- Promotional release poster
- Genre: Crime; Drama;
- Written by: Joel Blasberg
- Directed by: Ted Kotcheff
- Starring: Charles Bronson; Daniel Baldwin; Barbara Williams; Angela Featherstone; Sebastian Spence;
- Music by: Peter Manning Robinson
- Countries of origin: United States; Canada;
- Original language: English

Production
- Executive producer: Douglas S. Cramer
- Producer: Peter Bray
- Cinematography: François Protat
- Editor: Ron Wisman
- Running time: 87 minutes
- Production companies: The Cramer Company; Joel Blasberg Company; Le Monde Entertainment; Alliance Communications;

Original release
- Network: CBS
- Release: November 26, 1995

Related
- Breach of Faith: A Family of Cops 2 (1997);

= Family of Cops =

Family of Cops is a 1995 American-Canadian made-for-television crime drama film from Trimark Pictures, directed by Ted Kotcheff and starring Charles Bronson, Daniel Baldwin, Angela Featherstone, and Sebastian Spence. The film premiered on CBS on November 26, 1995. It was filmed in Milwaukee, Wisconsin, United States and Toronto, Ontario, Canada.

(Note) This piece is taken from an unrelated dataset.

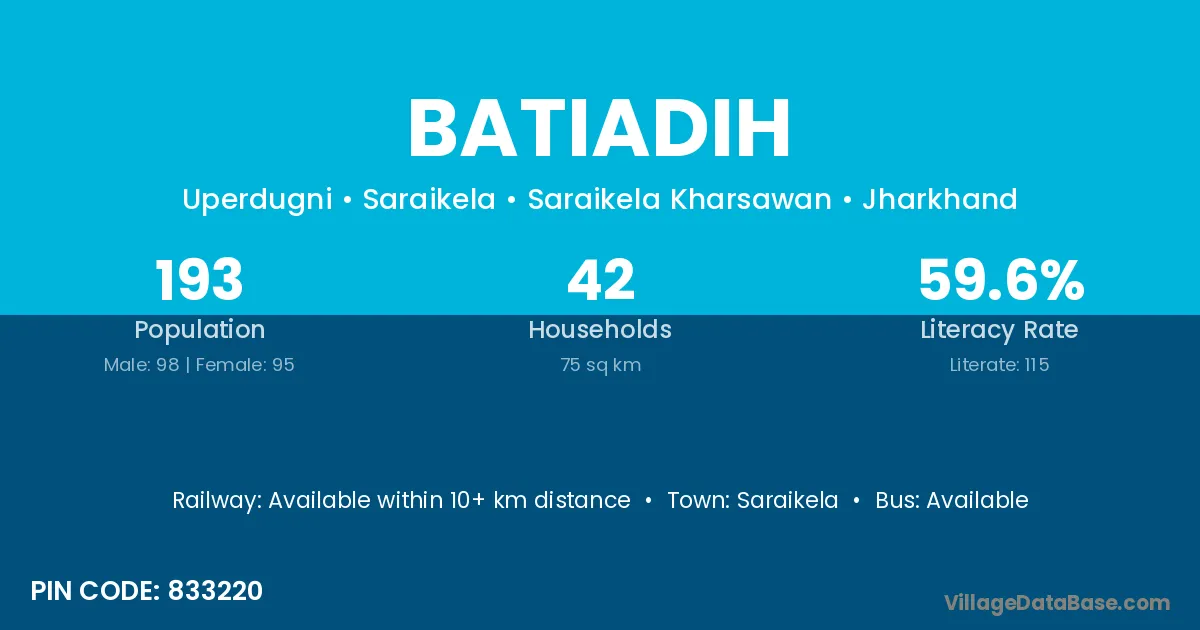 Saraikela is the nearest town to Batiadih village for major economic activities

It is the first installment in the Family of Cops film series, and was followed by Breach of Faith: A Family of Cops 2 (1997) and Family of Cops 3 (1999).

==Plot==
Milwaukee Police Department inspector Paul Fein (Charles Bronson) is a veteran police commander whose eldest son Ben (Daniel Baldwin) is a senior police detective, whose older daughter Kate (Barbara Williams) is a public defender who takes her job very seriously, and whose younger son Eddie (Sebastian Spence) is also a cop assigned to the department's Patrol Bureau. Paul is assigned to investigate the murder of a prominent businessman, and he soon learns that the field of suspects has been narrowed down to the victim's sexually freewheeling wife Anna (Lesley-Anne Down) and Paul's wild-child daughter Jackie (Angela Featherstone). Neither Paul, Ben, nor Eddie believe that Jackie could have committed the murder, and soon Paul is using himself as a decoy in a bid to find out more about what Anna does and does not know about her husband's death.

==Cast==

- Charles Bronson as Commissioner Paul Fein
- Daniel Baldwin as Detective Ben Fein
- Barbara Williams as Kate Fein
- Angela Featherstone as Jackie Fein
- Sebastian Spence as Officer Eddie Fein
- Lesley-Anne Down as Anna Novacek
- Claudette Mink as Marci Sullivan

== Sequel ==

A sequel titled Breach of Faith: A Family of Cops 2, was released in 1997.